To know it afar, it's worthy with those colours
That old and saintly patiences inbloomed
On sacred leaves of missals: all around
The land's a sweet book, close is a sweet page,
But this the initial and the crowned A.
Then, poet, take your subtlest instrument,
That the grace and marvel may repeated flow
Beyond their range, since hills and woods immure,
To them who never came here.

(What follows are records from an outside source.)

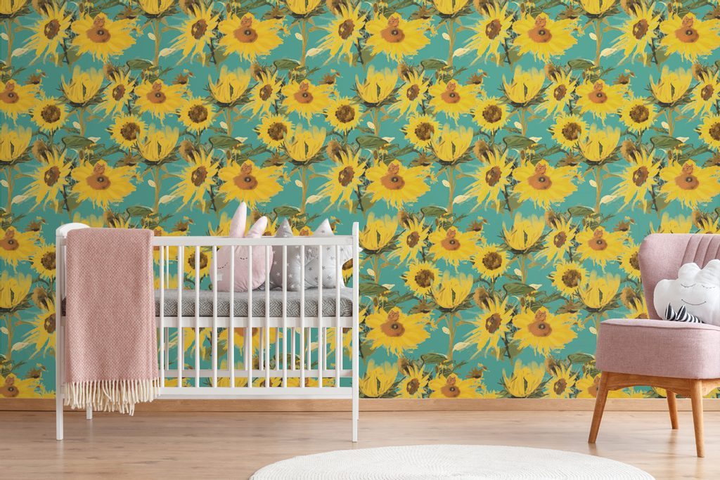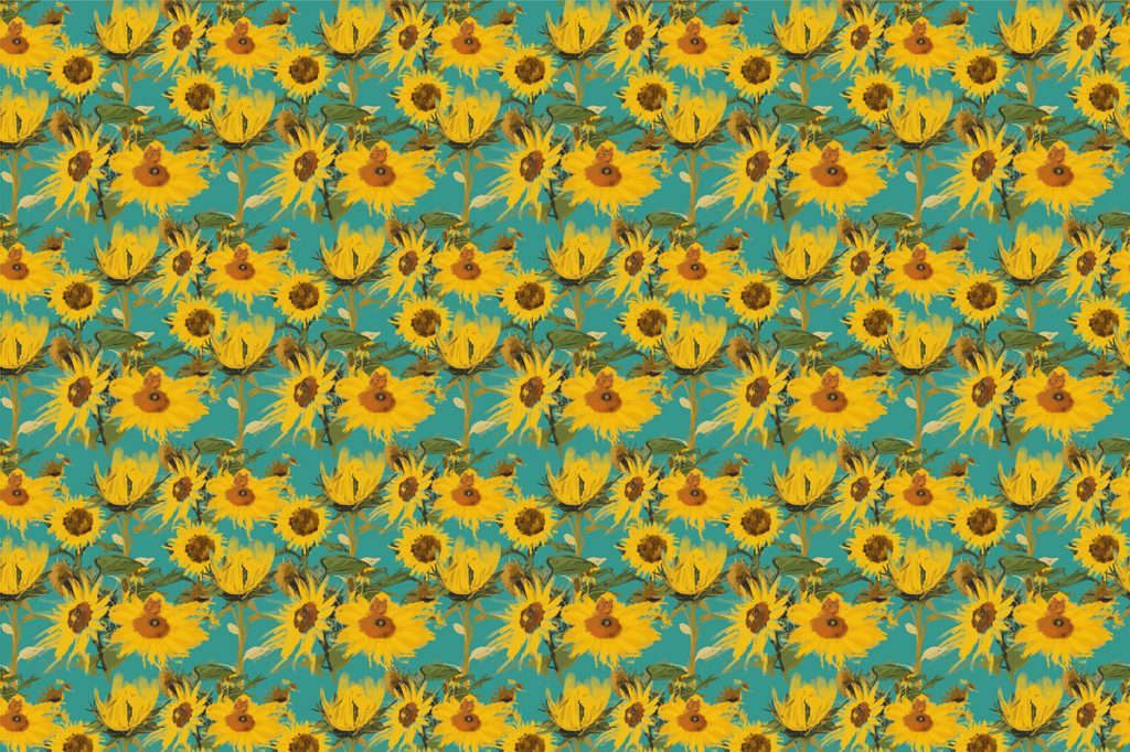 Samolepící tapeta rozkvetlé slunečnice na modrém pozadí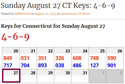 Sunday August 27, 2023: I lost some money playing Connecticut tonight because I was SURE that a 4 would hit based on what I have been seeing lately. Below is the prediction I posted last night: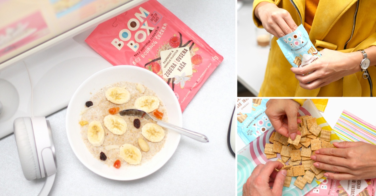 Така стигнав до Boom Box, нов бренд за здрави производи кој ни ги „става на тацна“ сите бенефиции од консумирањето на овес. Првично овесните каши и гранолата ми влегоа во секојдневието, бидејќи се супер брзи за подготовка и доаѓаат со различни вкусови. Каша со чоколадо и лешници, каша со банана, чоколадо и лешници, каша со шумско овошје и бадеми, гранола со чоколадо и бадеми... Boom Box не остава простор за монотонија.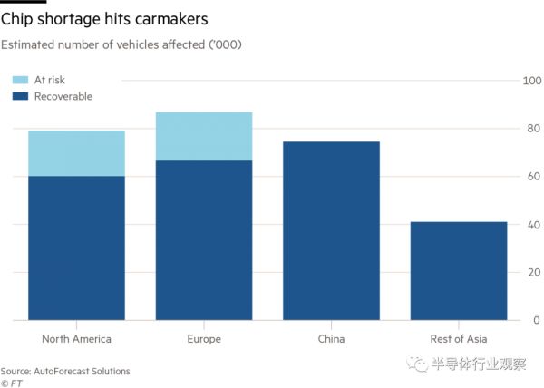 IHS Markit 2月3号表示,芯片短缺预计将导致全球汽车领域的产量比第一季度减少672,000辆。该预测公司预计短缺将持续到第三季度。追踪汽车生产的AutoForecast Solutions表示,由于短缺,到目前为止,全球已宣布停产,总计564,000辆汽车,估计今年的总影响可能为96.4万辆。据IHS称,中国将是受短缺影响最严重的国家,第一季度将有近25万辆汽车受到影响。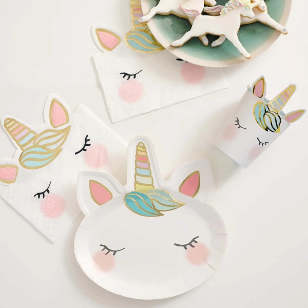 Die Teller Einhorn Gesicht verleihen der Tischdeko den letzten Schliff.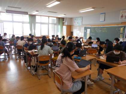 写真は、6年生が家庭科で「しつけ縫い」に挑戦する(中)、端末を使って社会科のグループ学習をする(右)様子です。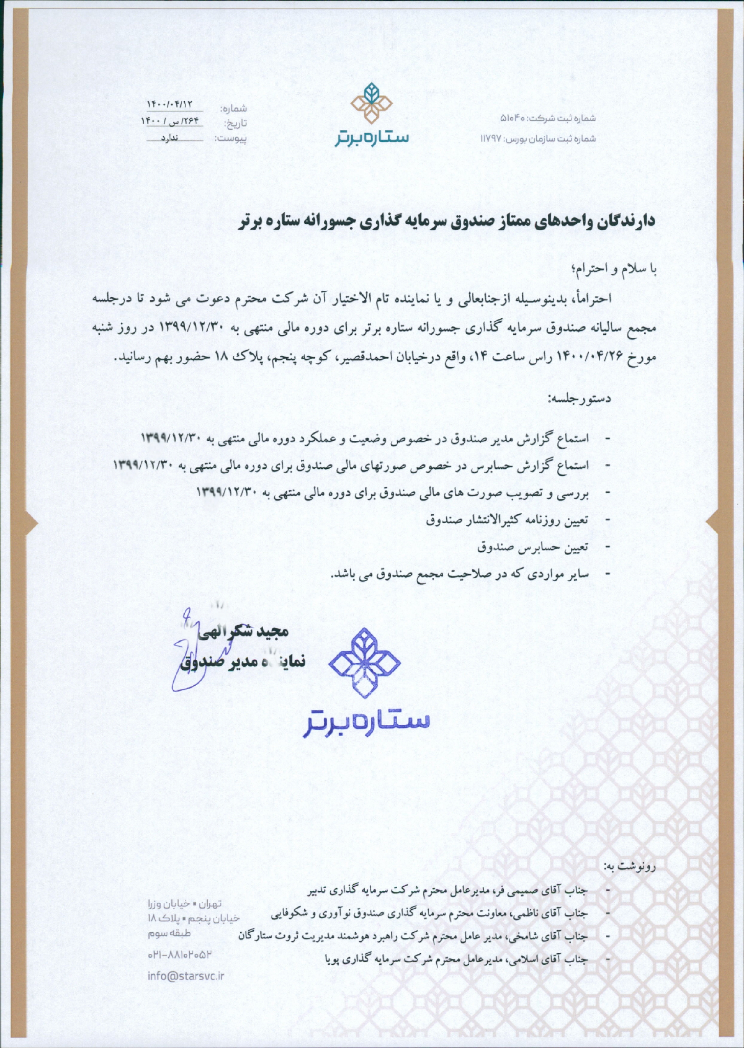 قابل توجه دارندگان واحدهای ممتاز صندوق |

The dead artist
Hath left men vases where awhile is held
A rosy odour, and an ecstasy:
But you, with words of sooner perished clay,
To catch and cup but a millionth drop of the joy
That in this meadow runs, swims, slides, basks, rings --
Call to the ghosts of Ida, for they knew.
Meantime the lonely soul will hover here
In bright transcendence and in humble prayer
Till one companion come through dewy leaves.

The young year being so rosy now,
Sound, scent and seeing one posy now,
The sunny symphony of pastoral reeds
Hovering and sparkling as the west wind leads
With such a touch on harps of weeds
As makes each one Apollo's bough --
The young year gleaming white and blue
Walks in the sun, and will not you?
In these green freedoms there's no sense
Of what the tithe-map feigns a fence --
This meadow is the one we find
On clumsier surveys close confined,
But to my mind it none the less
Answers the kin sky's boundlessness:
In this savannah Number's span
Is nothing; past his topmost plan
Would spring the star-flowers, and a linnet
Hold her house, and five young in it.
Come you will: here all is well --
The far church clock with judging bell
Is but one ban:
One low note falls,
One sad and solitary trumpet calls,
One dull drum blackens on the rich blue firmament of song:
But the west wind he will wean us away,
He again on his ravishing pipes does play,
And up among the living air
Makes holiday and magic there --
That might be hushed, unless you come ere long.